Start of Data
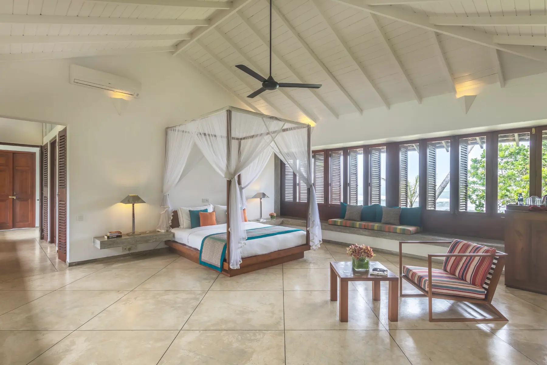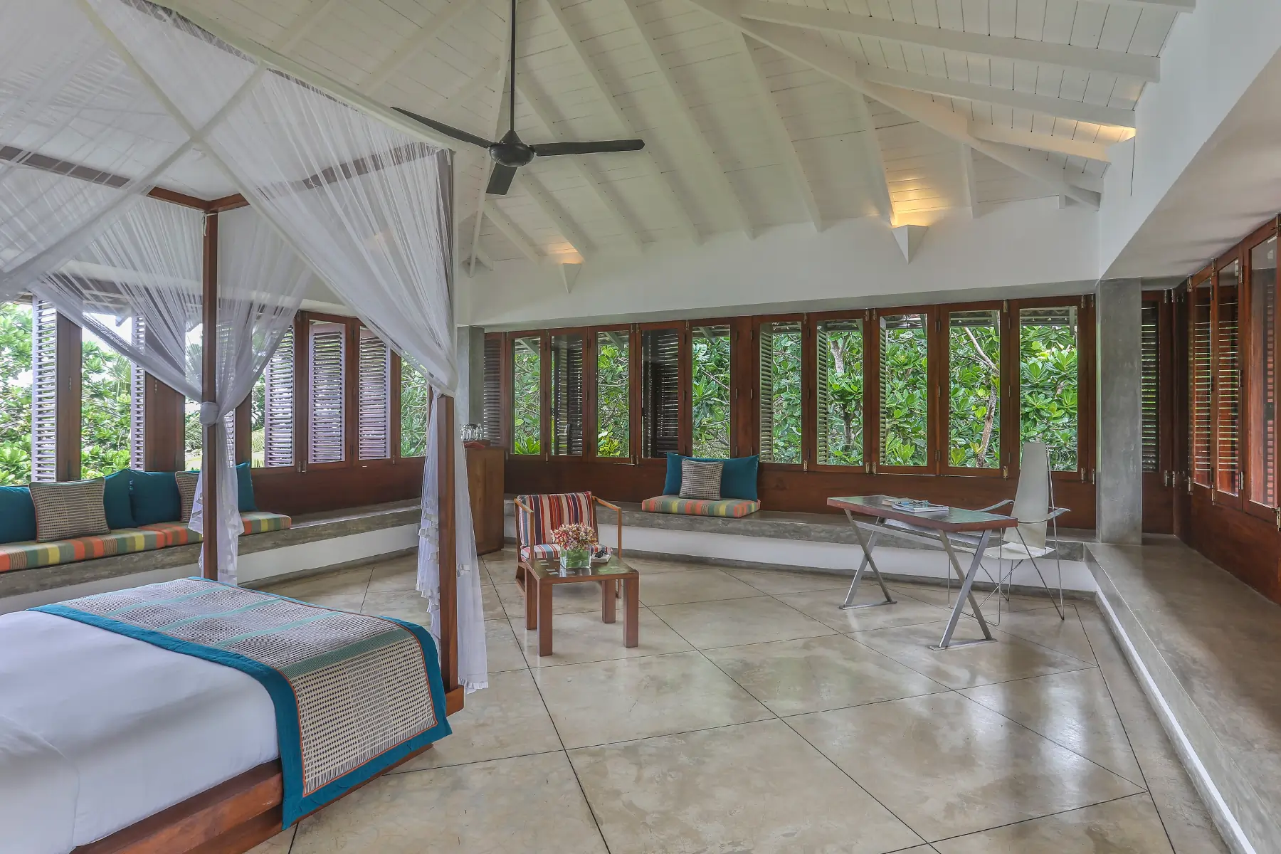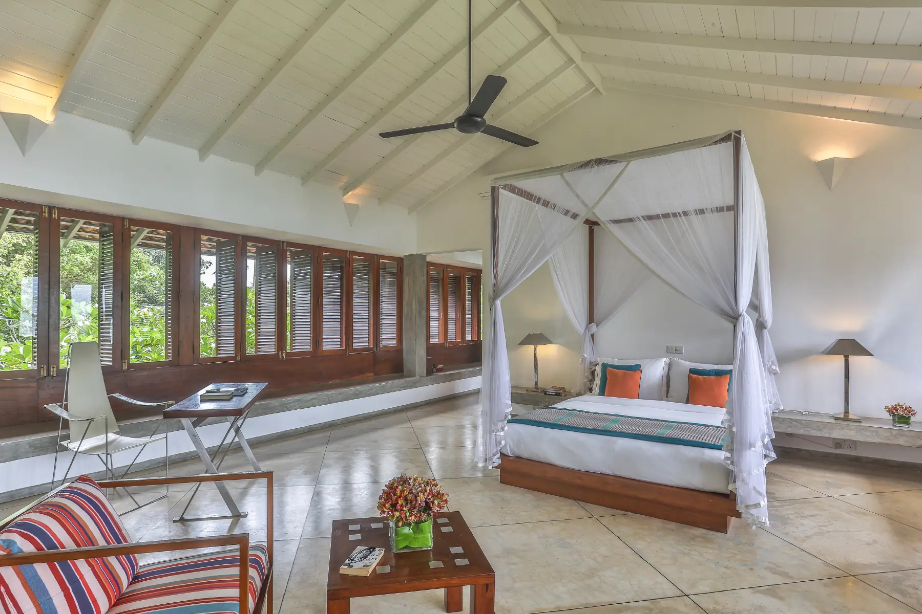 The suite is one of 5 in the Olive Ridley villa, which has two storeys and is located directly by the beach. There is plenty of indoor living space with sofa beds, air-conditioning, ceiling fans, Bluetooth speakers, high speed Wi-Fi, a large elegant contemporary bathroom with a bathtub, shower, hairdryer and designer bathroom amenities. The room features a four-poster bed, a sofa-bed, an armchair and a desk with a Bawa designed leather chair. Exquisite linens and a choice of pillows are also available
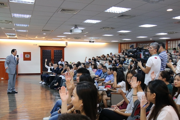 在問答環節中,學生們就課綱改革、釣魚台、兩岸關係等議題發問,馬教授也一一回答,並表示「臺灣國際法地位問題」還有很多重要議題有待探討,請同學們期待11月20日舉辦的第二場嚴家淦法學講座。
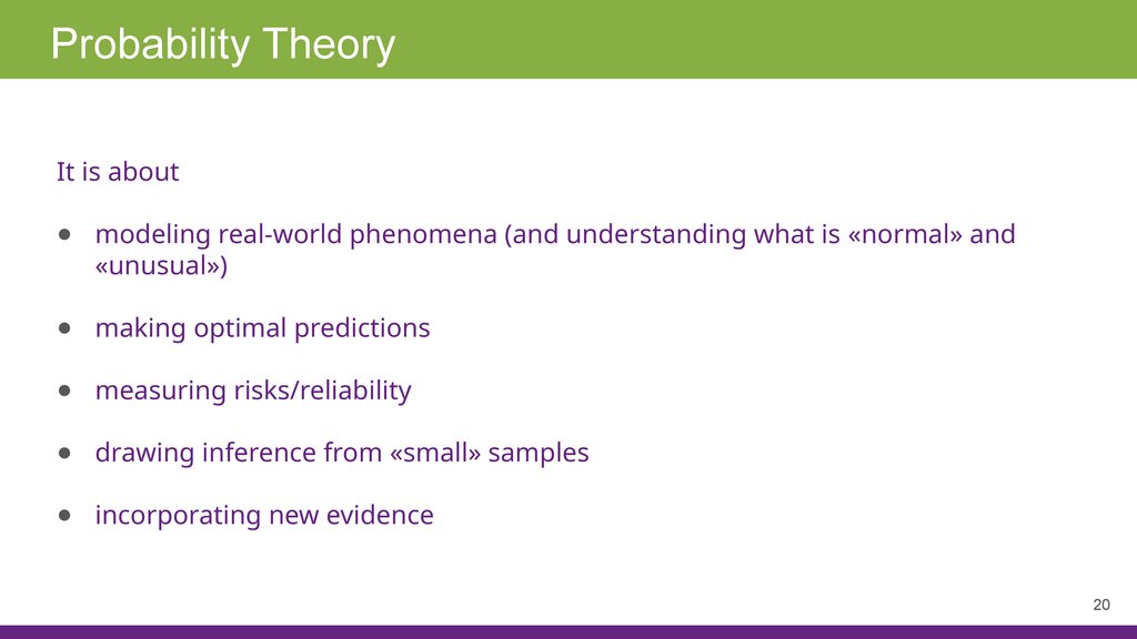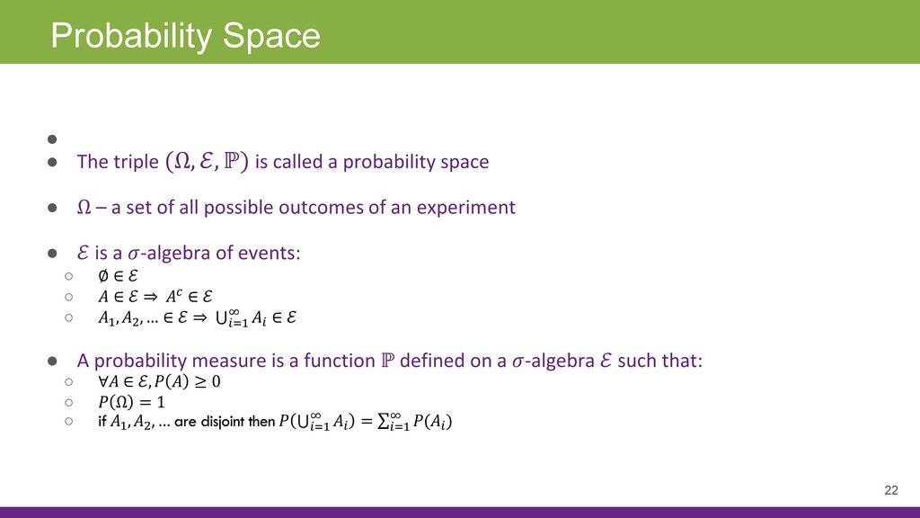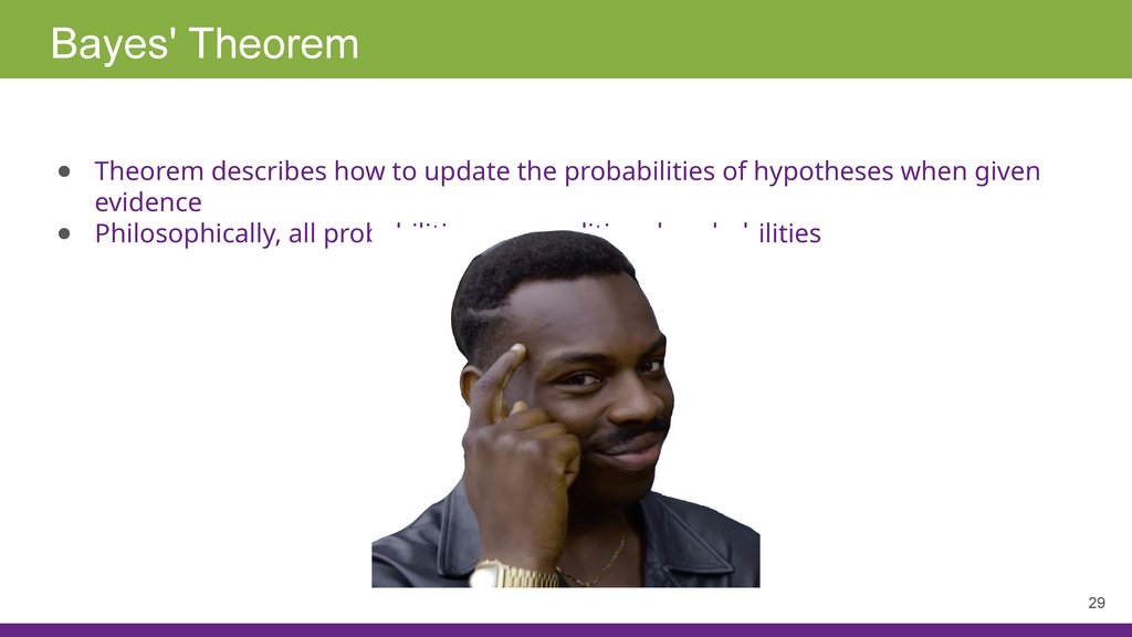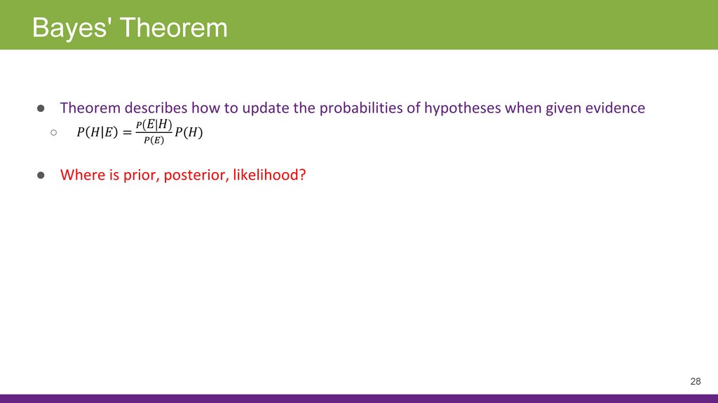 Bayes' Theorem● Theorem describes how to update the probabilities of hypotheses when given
End of Data
:: To do ::
Since the listing holds pictures, return everything else in it exactly and omit those.

:: Finished task ::
 The suite is one of 5 in the Olive Ridley villa, which has two storeys and is located directly by the beach. There is plenty of indoor living space with sofa beds, air-conditioning, ceiling fans, Bluetooth speakers, high speed Wi-Fi, a large elegant contemporary bathroom with a bathtub, shower, hairdryer and designer bathroom amenities. The room features a four-poster bed, a sofa-bed, an armchair and a desk with a Bawa designed leather chair. Exquisite linens and a choice of pillows are also available
 在問答環節中,學生們就課綱改革、釣魚台、兩岸關係等議題發問,馬教授也一一回答,並表示「臺灣國際法地位問題」還有很多重要議題有待探討,請同學們期待11月20日舉辦的第二場嚴家淦法學講座。
 Bayes' Theorem● Theorem describes how to update the probabilities of hypotheses when given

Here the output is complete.